It’s the time of year when the dip in temperatures calls for a steaming mug of hot cocoa while sitting by the fireplace. The idea creates a picture-perfect scene on a cold and wintry day. But, would that be all you need to stay cozy and comfortable in your home? Of course not. You also have to consider that it’s the season when injuries arise and damages surface due to poor home maintenance. Other than the scenarios you’ve pictured out in your mind, you have to pay more attention on how to effectively winterize your home.

Even before the cold months begin, you should already be taking the necessary efforts to prepare your home for the winter season. Not only will it keep the entire household more comfortable and free from possible injuries, it will also keep at bay the financial problems that may arise all of a sudden.

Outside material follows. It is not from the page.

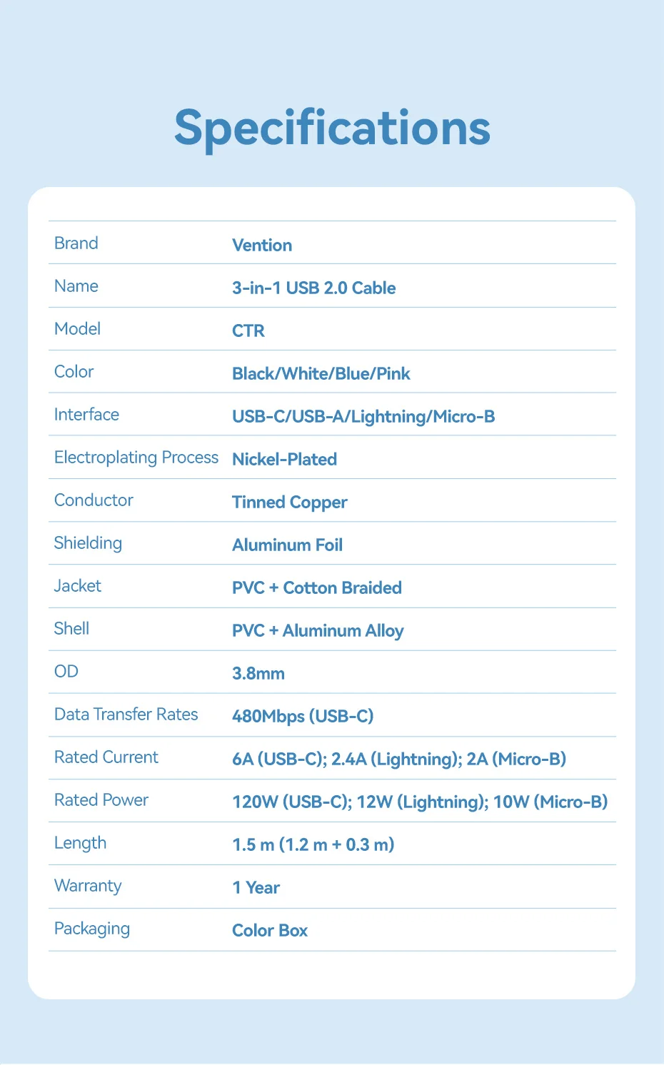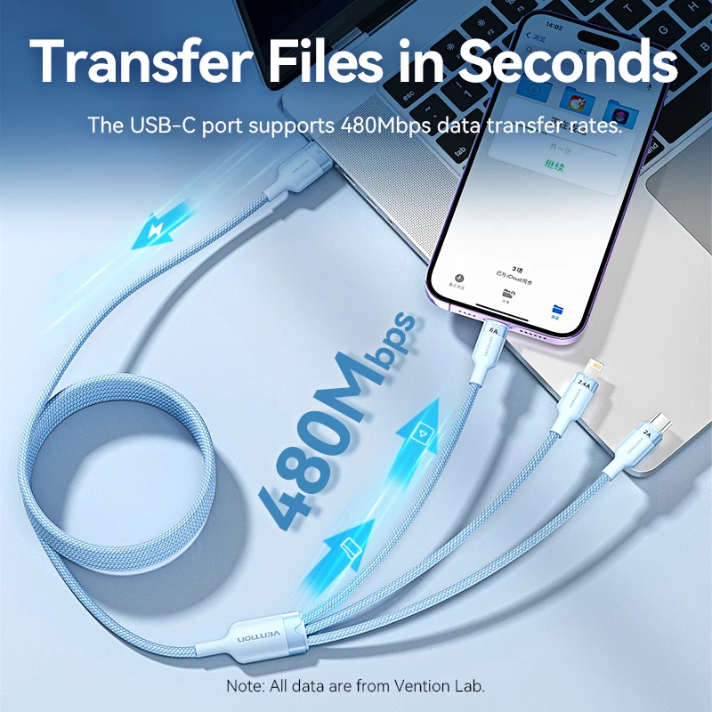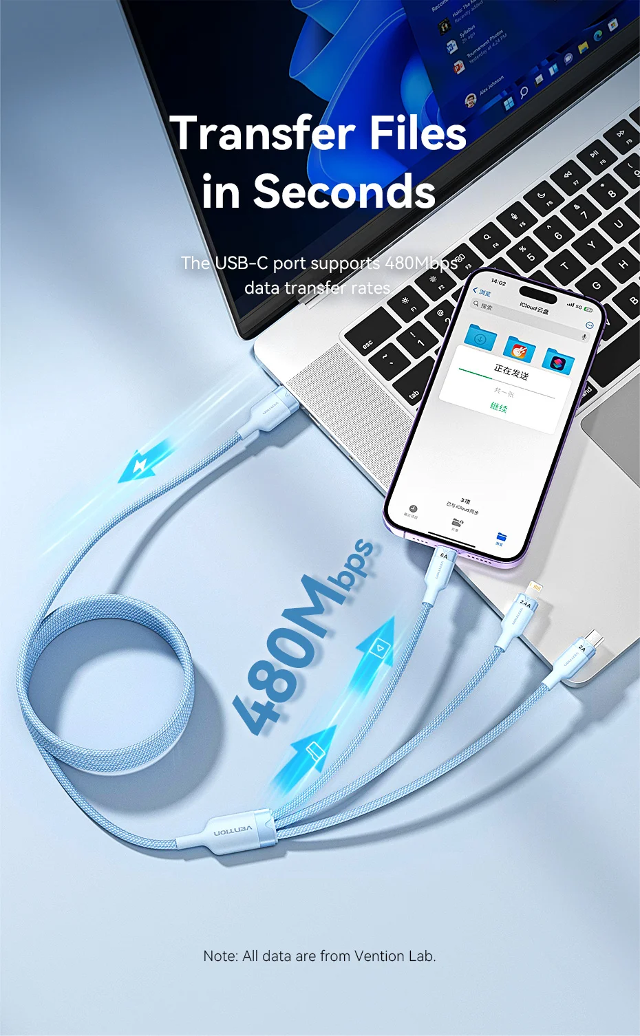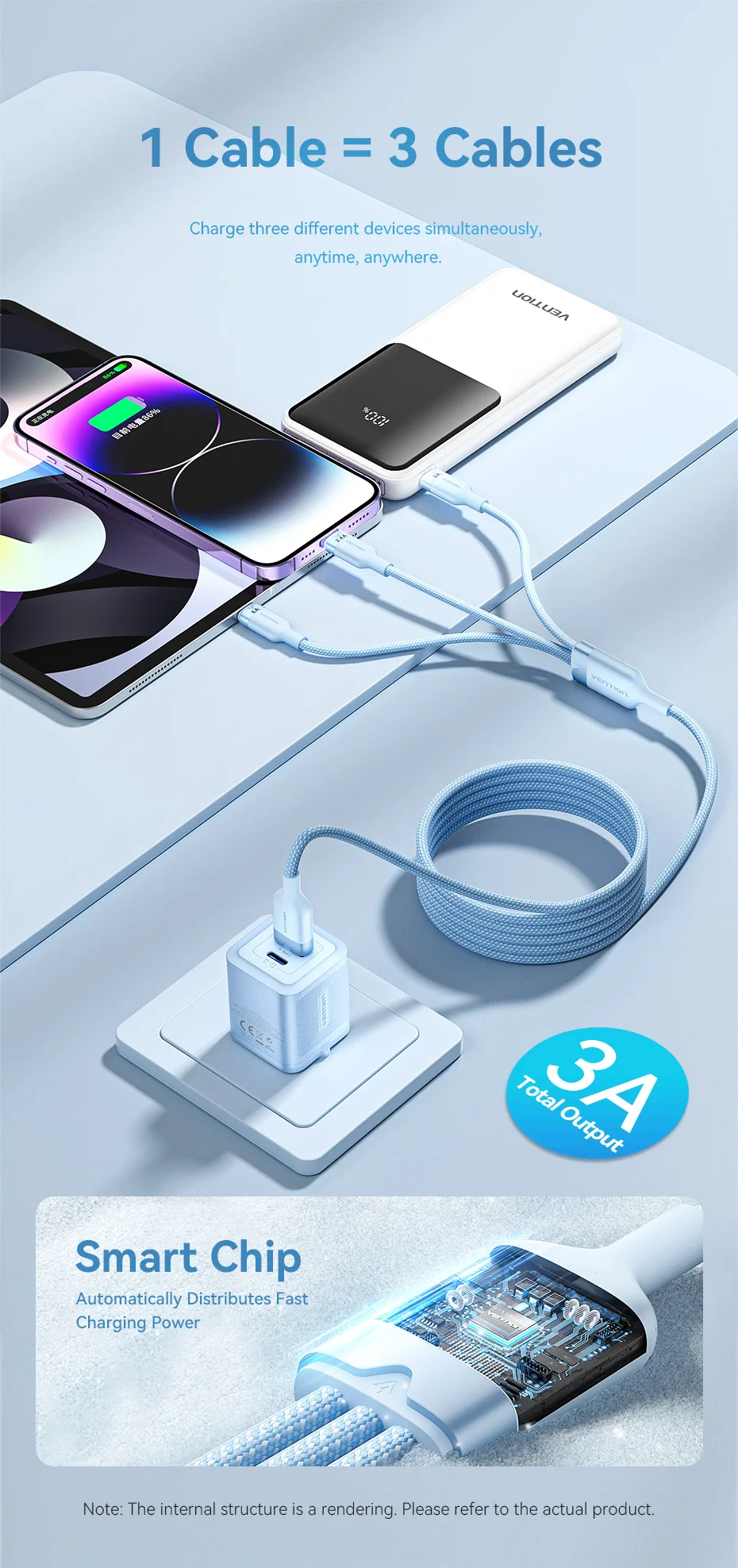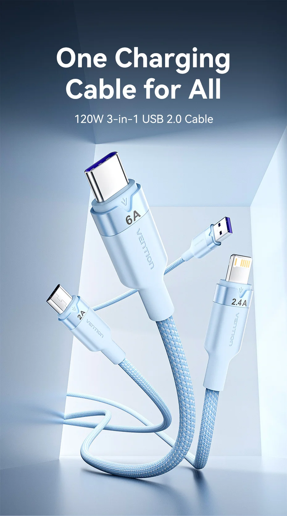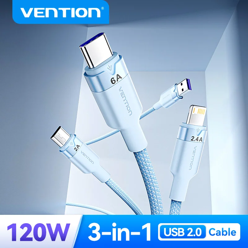 Comprar Vention 6A Cable USB tipo C para iPhone 15 14 13 12 Pro 120W 3 en 1 Cable de datos del cargador USB C para MacBook iPad Pro Samsung Xiaomi

So if you haven’t taken the measures yet to winterize your home, here’s a comprehensive checklist that presents safe and eco-friendly techniques to winterproof your space!

 

A Safe and Eco-Friendly Checklist to Winterize Your Home

 

Why is it Necessary to Winterize Your Home?

 

Conserve Energy While Saving Money

Winterizing your home involves providing an insulation system to your home as a protection against the cold. If you apply proper sealing methods to your home, you can consume less energy needed to generate heat, which in turn, can cut costs on your utility expenses. 

Prevent Structure Damages

An important step to winterize your home is inspecting whether or not the HVAC is in good condition and conducting regular maintenance of the plumbing system. Making these part of your routine allows you to steer clear from unnecessary repairs in the future. 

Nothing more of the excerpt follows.